Kitchen Tips

Soybean – Paddock To Plate

The humble soybean is responsible for many ingredients in Asian cuisine including edamame, soy milk, tofu, miso and soy sauce. It is at the heart of delicious dishes as varied as Chanko Nabe (Sumo Hot Pot), Dry Wonton Noodles and Miso Grilled Chicken.

Dry Wonton Noodles

First farmed in China in around 1100 BC, soy bean has become an important crop across the world with the USA, Brazil, Argentina, China and India being the main producers today – you can click here to read more about the history and uses of soybean.

Soybean is an annual legume that likes to grow in warm weather, the ideal temperature being between 20-30°C and they grow best in alluvial soil.

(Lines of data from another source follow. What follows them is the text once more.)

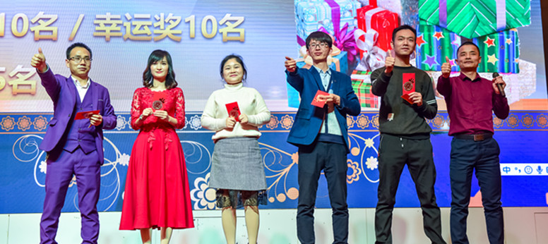 整个晚会最令人期待的莫属于抽奖环节了,从礼品到奖金,从公司设定的奖到意外惊喜奖,从300元的礼品到5500元的手机,惊喜不断,欢呼声不断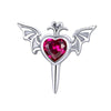 Los pendientes de plata de ley 925 se destacan por la forma que poseen. De hecho, esta joya adopta la forma de un corazón alado adornado con una punta. También están decorados con una piedra de color rosa.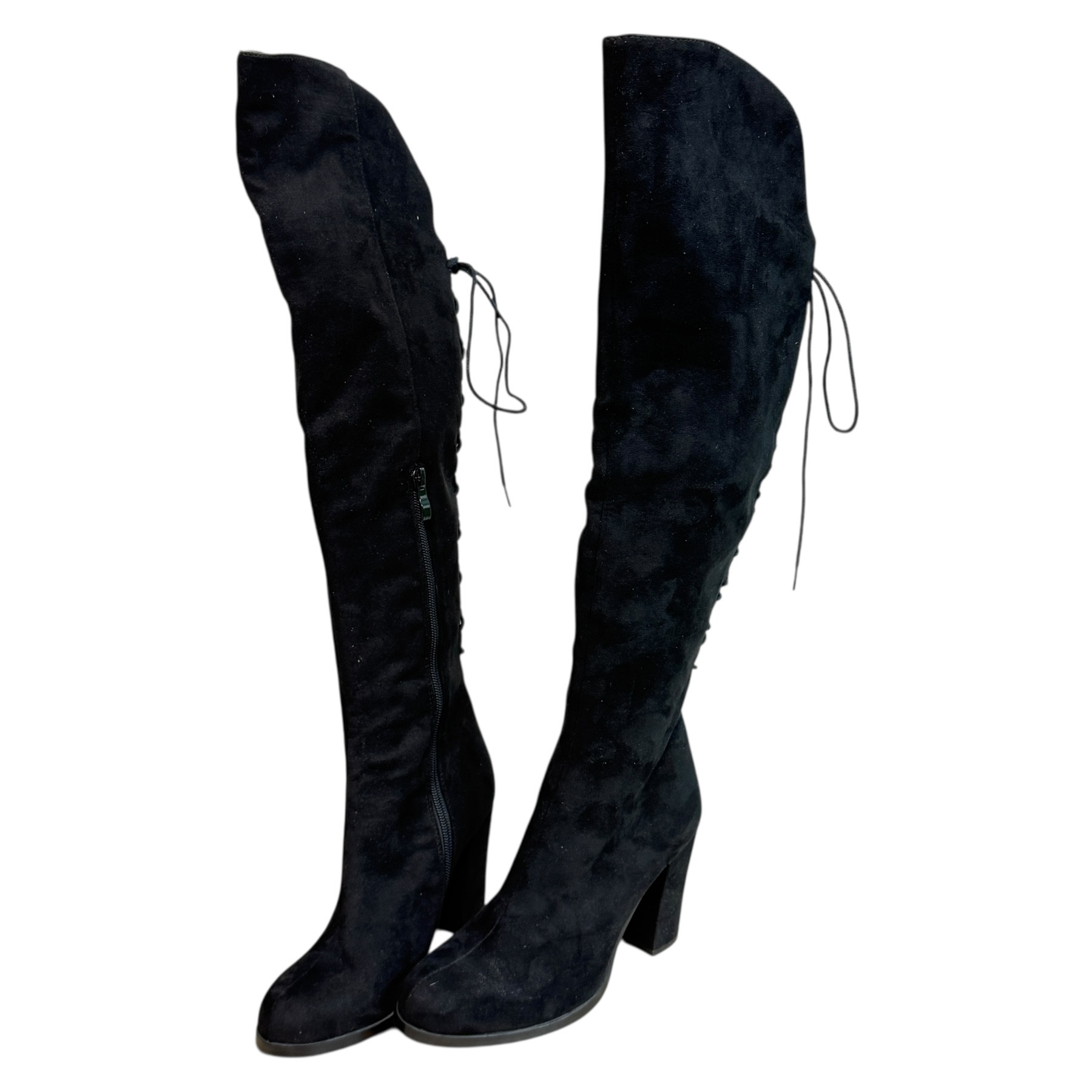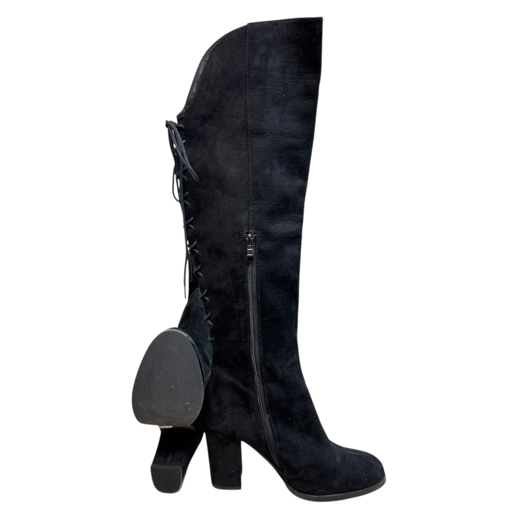 m. zewnętrzny: tkanina wkładka: tkanina, podeszwa: m. syntetyczny, w. obcasa:8.5cm, w. cholewki:53cm

If you want to harvest a crop at home, you should grow four to eight soybean plants per each household member. They are best planted in the backyard vegetable patch, as this amount would be too big for small containers. Plant seeds about 5cm deep with a space of 10cm between each.

The ideal sowing time is mid-spring, a few weeks after the last frost of winter, and they can still be planted up until the start of summer in cooler regions.

They will grow from seed to maturity in just 90 days and will end up being around 90 cm to 1 metre tall. The hairy, fuzzy pods are where the food action is at and they grow to about 10 cm long in clusters of three to five, with each pod hosting two to four seeds and you should harvest in the summer.

For edamame, you can harvest when the pods are green and plump, which should be around 60 days after sowing. It is important to know that soybeans should NOT be eaten raw. Blanch green soy beans in boiling water for a few minutes then plunge into an ice bath. Once cooled, you can eat as a snack or add some colour and nutty flavour to dishes with vegetables such as Soba Noodle Salad and Hijiki no Nimono.

Soba-Noodle-Salad

For dry soybeans, harvest at around 90-100 days. You should pull out the whole plant and hang it upside down to dry. Shell the pods to reveal the beans when pods are totally dry. Dried and shelled soy beans can be stored in a cool, dry place for 10 to 12 months. You can use them at any time to make soy milk and tofu at home and create authentic Asian dishes such as Steamed Tofu with Snow Peas and Oysters Sauce and Kimchi and silken tofu soup.